Problem to work on: Could you please output all of the data exactly, without the images?

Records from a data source
^^^^^^^^^^^^^^^^

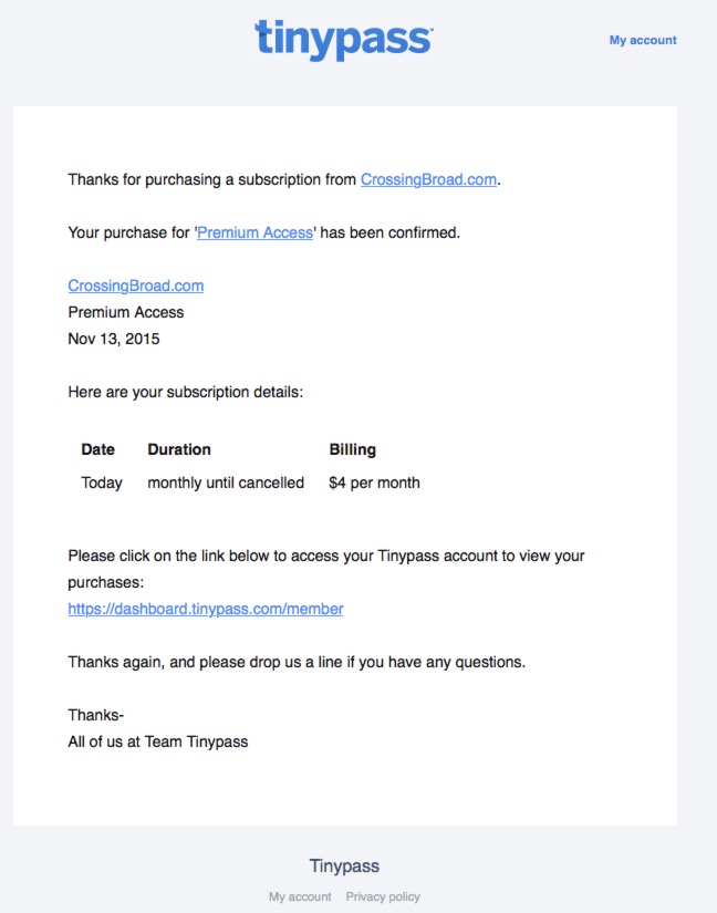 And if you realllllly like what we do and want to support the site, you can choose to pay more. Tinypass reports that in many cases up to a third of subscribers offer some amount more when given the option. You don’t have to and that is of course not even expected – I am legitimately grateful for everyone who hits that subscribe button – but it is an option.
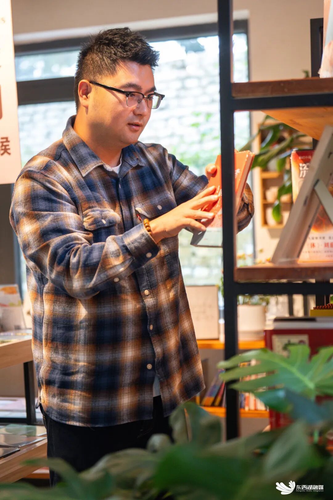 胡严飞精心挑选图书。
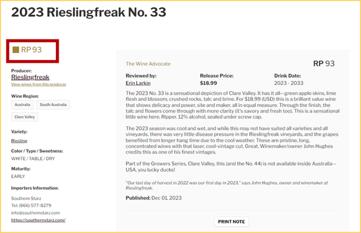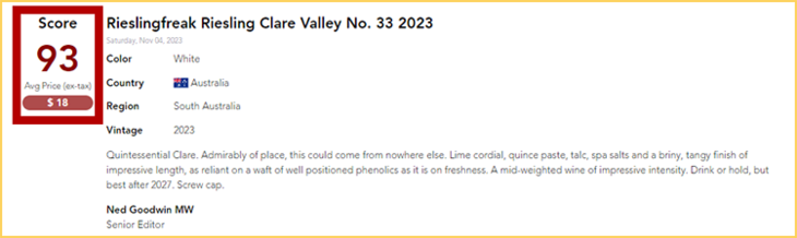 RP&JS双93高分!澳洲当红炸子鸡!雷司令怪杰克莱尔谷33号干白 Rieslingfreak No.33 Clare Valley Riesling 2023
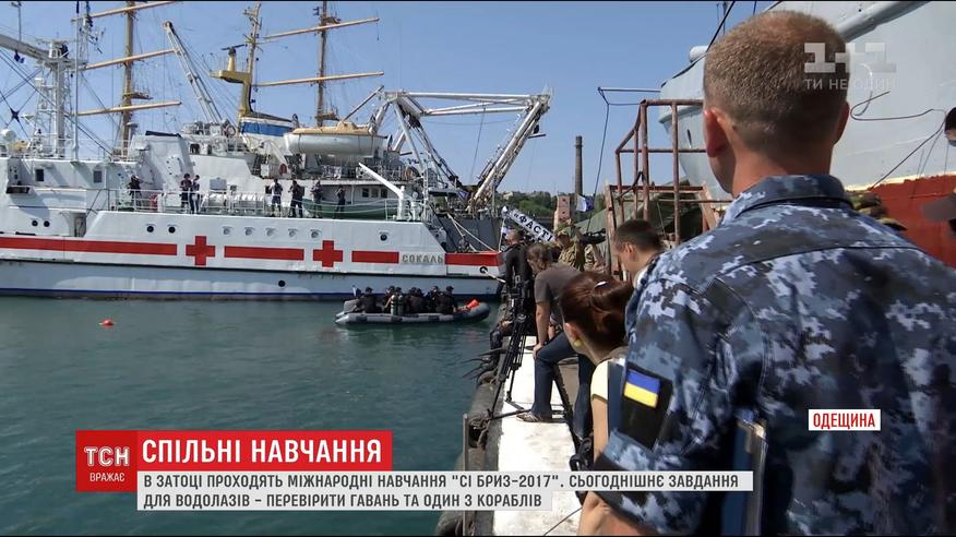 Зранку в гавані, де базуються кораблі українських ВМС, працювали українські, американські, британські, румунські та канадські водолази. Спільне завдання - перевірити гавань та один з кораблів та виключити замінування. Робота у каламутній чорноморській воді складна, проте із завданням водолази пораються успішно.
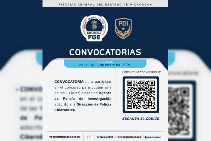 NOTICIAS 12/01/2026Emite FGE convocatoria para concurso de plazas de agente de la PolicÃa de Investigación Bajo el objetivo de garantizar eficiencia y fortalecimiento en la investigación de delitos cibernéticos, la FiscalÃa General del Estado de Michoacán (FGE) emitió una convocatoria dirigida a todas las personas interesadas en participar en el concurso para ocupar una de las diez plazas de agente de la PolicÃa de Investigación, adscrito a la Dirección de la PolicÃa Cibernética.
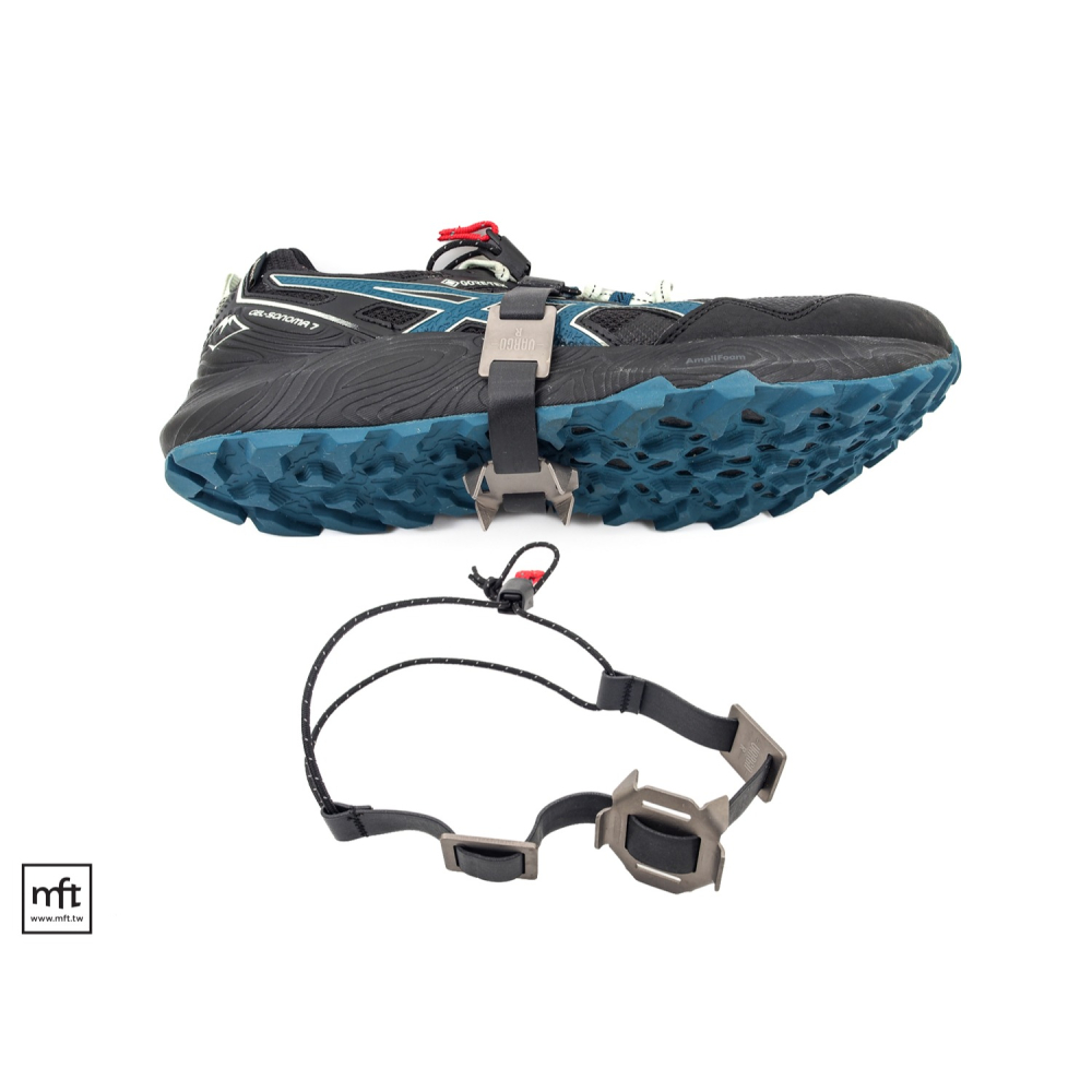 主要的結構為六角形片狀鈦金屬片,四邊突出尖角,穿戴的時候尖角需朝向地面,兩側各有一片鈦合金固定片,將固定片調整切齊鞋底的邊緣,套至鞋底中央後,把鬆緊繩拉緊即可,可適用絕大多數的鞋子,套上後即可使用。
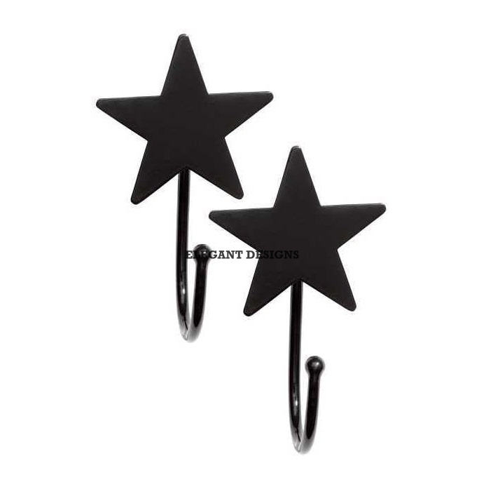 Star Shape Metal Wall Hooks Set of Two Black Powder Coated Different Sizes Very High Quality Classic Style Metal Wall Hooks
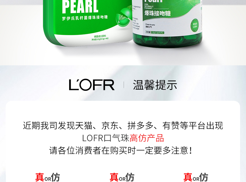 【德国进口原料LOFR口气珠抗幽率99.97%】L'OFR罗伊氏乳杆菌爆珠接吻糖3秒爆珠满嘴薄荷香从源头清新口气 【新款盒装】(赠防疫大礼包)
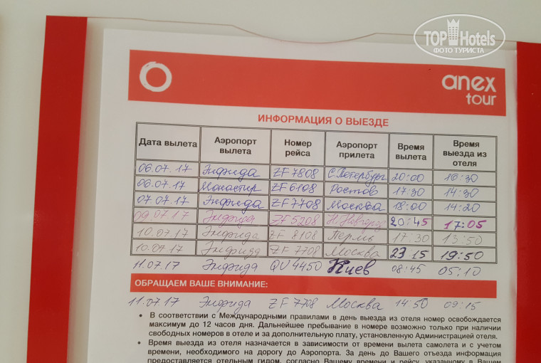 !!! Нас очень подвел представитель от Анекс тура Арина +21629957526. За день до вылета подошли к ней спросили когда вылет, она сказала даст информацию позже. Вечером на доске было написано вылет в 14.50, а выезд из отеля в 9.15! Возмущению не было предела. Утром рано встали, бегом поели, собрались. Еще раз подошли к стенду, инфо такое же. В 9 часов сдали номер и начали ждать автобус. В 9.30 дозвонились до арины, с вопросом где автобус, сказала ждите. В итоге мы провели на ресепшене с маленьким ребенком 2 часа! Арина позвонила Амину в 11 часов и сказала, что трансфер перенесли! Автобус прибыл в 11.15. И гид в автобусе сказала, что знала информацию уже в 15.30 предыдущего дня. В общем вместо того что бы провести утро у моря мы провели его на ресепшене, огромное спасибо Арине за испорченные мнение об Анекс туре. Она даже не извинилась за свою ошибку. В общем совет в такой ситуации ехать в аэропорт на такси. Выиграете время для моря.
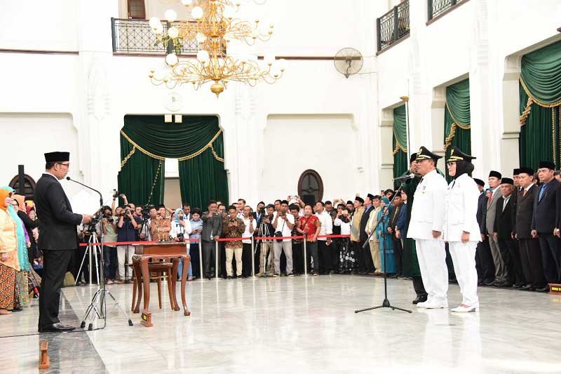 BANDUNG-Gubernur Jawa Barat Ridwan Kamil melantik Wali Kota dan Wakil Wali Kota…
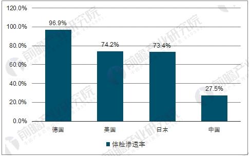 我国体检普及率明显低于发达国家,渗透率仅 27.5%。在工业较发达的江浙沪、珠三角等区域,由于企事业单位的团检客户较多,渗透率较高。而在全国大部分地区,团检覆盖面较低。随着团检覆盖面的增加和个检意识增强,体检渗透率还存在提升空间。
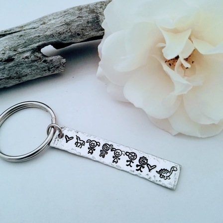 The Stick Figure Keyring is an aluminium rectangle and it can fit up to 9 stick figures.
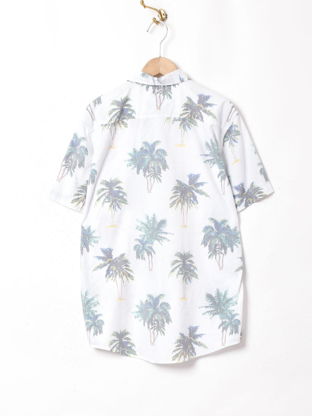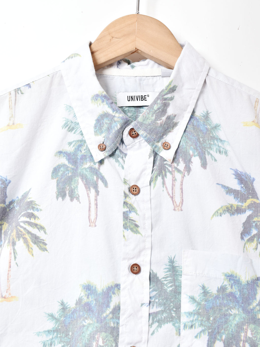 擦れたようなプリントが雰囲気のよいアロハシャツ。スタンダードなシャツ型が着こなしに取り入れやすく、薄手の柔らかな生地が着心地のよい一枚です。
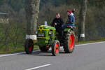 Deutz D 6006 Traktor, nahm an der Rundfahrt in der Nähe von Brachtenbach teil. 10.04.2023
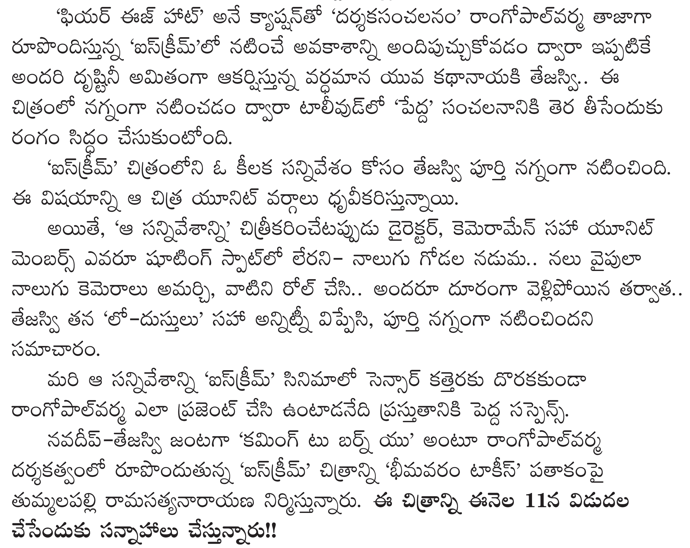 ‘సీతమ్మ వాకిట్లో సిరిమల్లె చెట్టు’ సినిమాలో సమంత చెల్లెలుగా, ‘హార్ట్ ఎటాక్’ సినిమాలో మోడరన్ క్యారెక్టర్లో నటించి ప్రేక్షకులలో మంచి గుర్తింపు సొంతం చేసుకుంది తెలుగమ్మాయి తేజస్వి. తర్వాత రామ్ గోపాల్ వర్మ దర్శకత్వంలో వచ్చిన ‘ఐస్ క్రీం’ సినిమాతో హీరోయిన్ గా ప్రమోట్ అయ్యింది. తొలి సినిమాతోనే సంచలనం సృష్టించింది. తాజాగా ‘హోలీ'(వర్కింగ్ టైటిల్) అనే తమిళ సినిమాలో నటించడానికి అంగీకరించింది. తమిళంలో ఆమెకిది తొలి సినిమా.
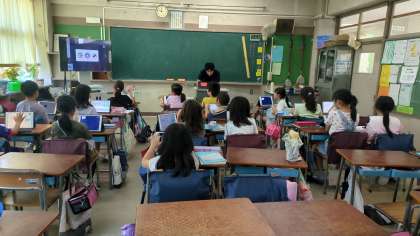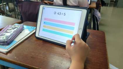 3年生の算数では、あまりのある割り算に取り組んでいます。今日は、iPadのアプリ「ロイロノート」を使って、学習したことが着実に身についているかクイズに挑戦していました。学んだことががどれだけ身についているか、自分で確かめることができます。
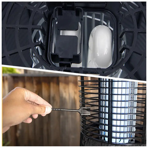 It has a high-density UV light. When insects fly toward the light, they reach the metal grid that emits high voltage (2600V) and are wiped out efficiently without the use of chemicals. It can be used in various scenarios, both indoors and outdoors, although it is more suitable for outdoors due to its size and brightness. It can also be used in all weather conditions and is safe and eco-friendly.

^^^^^^^^^^^^^^^^

Solution to this problem:
 And if you realllllly like what we do and want to support the site, you can choose to pay more. Tinypass reports that in many cases up to a third of subscribers offer some amount more when given the option. You don’t have to and that is of course not even expected – I am legitimately grateful for everyone who hits that subscribe button – but it is an option.
 胡严飞精心挑选图书。
 RP&JS双93高分!澳洲当红炸子鸡!雷司令怪杰克莱尔谷33号干白 Rieslingfreak No.33 Clare Valley Riesling 2023
 Зранку в гавані, де базуються кораблі українських ВМС, працювали українські, американські, британські, румунські та канадські водолази. Спільне завдання - перевірити гавань та один з кораблів та виключити замінування. Робота у каламутній чорноморській воді складна, проте із завданням водолази пораються успішно.
 NOTICIAS 12/01/2026Emite FGE convocatoria para concurso de plazas de agente de la PolicÃa de Investigación Bajo el objetivo de garantizar eficiencia y fortalecimiento en la investigación de delitos cibernéticos, la FiscalÃa General del Estado de Michoacán (FGE) emitió una convocatoria dirigida a todas las personas interesadas en participar en el concurso para ocupar una de las diez plazas de agente de la PolicÃa de Investigación, adscrito a la Dirección de la PolicÃa Cibernética.
 主要的結構為六角形片狀鈦金屬片,四邊突出尖角,穿戴的時候尖角需朝向地面,兩側各有一片鈦合金固定片,將固定片調整切齊鞋底的邊緣,套至鞋底中央後,把鬆緊繩拉緊即可,可適用絕大多數的鞋子,套上後即可使用。
 Star Shape Metal Wall Hooks Set of Two Black Powder Coated Different Sizes Very High Quality Classic Style Metal Wall Hooks
 【德国进口原料LOFR口气珠抗幽率99.97%】L'OFR罗伊氏乳杆菌爆珠接吻糖3秒爆珠满嘴薄荷香从源头清新口气 【新款盒装】(赠防疫大礼包)
 !!! Нас очень подвел представитель от Анекс тура Арина +21629957526. За день до вылета подошли к ней спросили когда вылет, она сказала даст информацию позже. Вечером на доске было написано вылет в 14.50, а выезд из отеля в 9.15! Возмущению не было предела. Утром рано встали, бегом поели, собрались. Еще раз подошли к стенду, инфо такое же. В 9 часов сдали номер и начали ждать автобус. В 9.30 дозвонились до арины, с вопросом где автобус, сказала ждите. В итоге мы провели на ресепшене с маленьким ребенком 2 часа! Арина позвонила Амину в 11 часов и сказала, что трансфер перенесли! Автобус прибыл в 11.15. И гид в автобусе сказала, что знала информацию уже в 15.30 предыдущего дня. В общем вместо того что бы провести утро у моря мы провели его на ресепшене, огромное спасибо Арине за испорченные мнение об Анекс туре. Она даже не извинилась за свою ошибку. В общем совет в такой ситуации ехать в аэропорт на такси. Выиграете время для моря.
 BANDUNG-Gubernur Jawa Barat Ridwan Kamil melantik Wali Kota dan Wakil Wali Kota…
 我国体检普及率明显低于发达国家,渗透率仅 27.5%。在工业较发达的江浙沪、珠三角等区域,由于企事业单位的团检客户较多,渗透率较高。而在全国大部分地区,团检覆盖面较低。随着团检覆盖面的增加和个检意识增强,体检渗透率还存在提升空间。
 The Stick Figure Keyring is an aluminium rectangle and it can fit up to 9 stick figures.
 擦れたようなプリントが雰囲気のよいアロハシャツ。スタンダードなシャツ型が着こなしに取り入れやすく、薄手の柔らかな生地が着心地のよい一枚です。
 Deutz D 6006 Traktor, nahm an der Rundfahrt in der Nähe von Brachtenbach teil. 10.04.2023
 ‘సీతమ్మ వాకిట్లో సిరిమల్లె చెట్టు’ సినిమాలో సమంత చెల్లెలుగా, ‘హార్ట్ ఎటాక్’ సినిమాలో మోడరన్ క్యారెక్టర్లో నటించి ప్రేక్షకులలో మంచి గుర్తింపు సొంతం చేసుకుంది తెలుగమ్మాయి తేజస్వి. తర్వాత రామ్ గోపాల్ వర్మ దర్శకత్వంలో వచ్చిన ‘ఐస్ క్రీం’ సినిమాతో హీరోయిన్ గా ప్రమోట్ అయ్యింది. తొలి సినిమాతోనే సంచలనం సృష్టించింది. తాజాగా ‘హోలీ'(వర్కింగ్ టైటిల్) అనే తమిళ సినిమాలో నటించడానికి అంగీకరించింది. తమిళంలో ఆమెకిది తొలి సినిమా.
 3年生の算数では、あまりのある割り算に取り組んでいます。今日は、iPadのアプリ「ロイロノート」を使って、学習したことが着実に身についているかクイズに挑戦していました。学んだことががどれだけ身についているか、自分で確かめることができます。
 It has a high-density UV light. When insects fly toward the light, they reach the metal grid that emits high voltage (2600V) and are wiped out efficiently without the use of chemicals. It can be used in various scenarios, both indoors and outdoors, although it is more suitable for outdoors due to its size and brightness. It can also be used in all weather conditions and is safe and eco-friendly.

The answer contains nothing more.